But I'm not familiar with crm_mon's xml output. Please let me know if you have other comments.

…remote host

gao-yan · 2019-12-04T16:49:56Z

Delaying fencing actions targeting the nodes that are hosting more significant resources or resource instances (promoted) to make them win fencing matches has been an very interesting topic indeed for a lot of use cases especially in regard of 2-node clusters. Thanks for bringing up the topic as well with such an implementation via a special fence agent ...

Actually, I've been thinking about the possibility of achieving this in pacemaker without requiring an additional fence agent or resource agent.

How about we introduce a couple of meta attributes for resources for example:

fencing-delay
-- Delay fencing actions targeting the nodes that are hosting this resource for the specified period of time, so that they survive fencing matches.

fencing-delay-promoted

-- Delay fencing actions targeting the nodes that are hosting the promoted instances of this resource for the specified period of time, so that they survive fencing matches.

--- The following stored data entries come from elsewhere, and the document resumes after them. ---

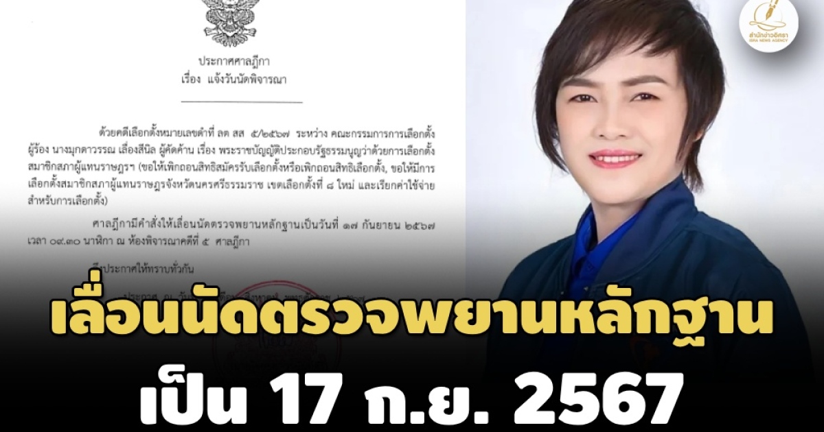 ศาลฎีกาออกประกาศเลื่อนนัดตรวจพยานหลักฐาน คดี กกต.ขอให้เพิกถอนสิทธิสมัครรับเลือกตั้ง ‘มุกดาวรรณ เลื่องสีนิล’ สส.นครศรีธรรมราช พรรคภูมิใจไทย พร้อมให้เลือกตั้งใหม่ กรณีแจกเงินซื้อเสียง จาก 1 ส.ค. เป็น 17 ก.ย. 2567
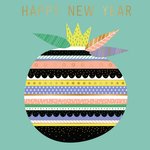 Front of card: A modern, vibrant design featuring colourful patterns layered to create a pomegranate illustration, with gold text above and a green background.
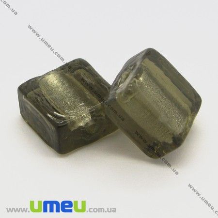[Архів] Намистина Lampwork Квадратна, 12х12х6 мм, Сіра (BUS-003625) / 1 шт

Fencer could either combine these delays together with pcmk_delay_base/max to calculate the eventual delay, or pick the longest delay among them as the actual delay.

What do you think?

kgaillot · 2019-12-04T23:35:56Z

Delaying fencing actions targeting the nodes that are hosting more significant resources or resource instances (promoted) to make them win fencing matches has been an very interesting topic indeed for a lot of use cases especially in regard of 2-node clusters. Thanks for bringing up the topic as well with such an implementation via a special fence agent ...

Actually, I've been thinking about the possibility of achieving this in pacemaker without requiring an additional fence agent or resource agent.

How about we introduce a couple of meta attributes for resources for example:

fencing-delay
-- Delay fencing actions targeting the nodes that are hosting this resource for the specified period of time, so that they survive fencing matches.

fencing-delay-promoted

-- Delay fencing actions targeting the nodes that are hosting the promoted instances of this resource for the specified period of time, so that they survive fencing matches.

Fencer could either combine these delays together with pcmk_delay_base/max to calculate the eventual delay, or pick the longest delay among them as the actual delay.

What do you think?

That's an interesting idea -- I was hesitant about agents getting that involved in pacemaker's internal state, and that would avoid any such concerns.

We already have a "priority" meta-attribute for resources -- maybe it could be involved somehow. Instead of a per-resource fencing-delay, maybe a cluster-wide priority-fencing-delay that would get applied to the node with the highest total resource priority. I'm not sure how to prefer promoted instances, maybe a "promoted-priority" meta-attribute for clones that would get added to the base priority of promoted instances.

The fencer uses the "quick location" flag with the scheduler, so I'm not sure offhand whether it has all the information needed.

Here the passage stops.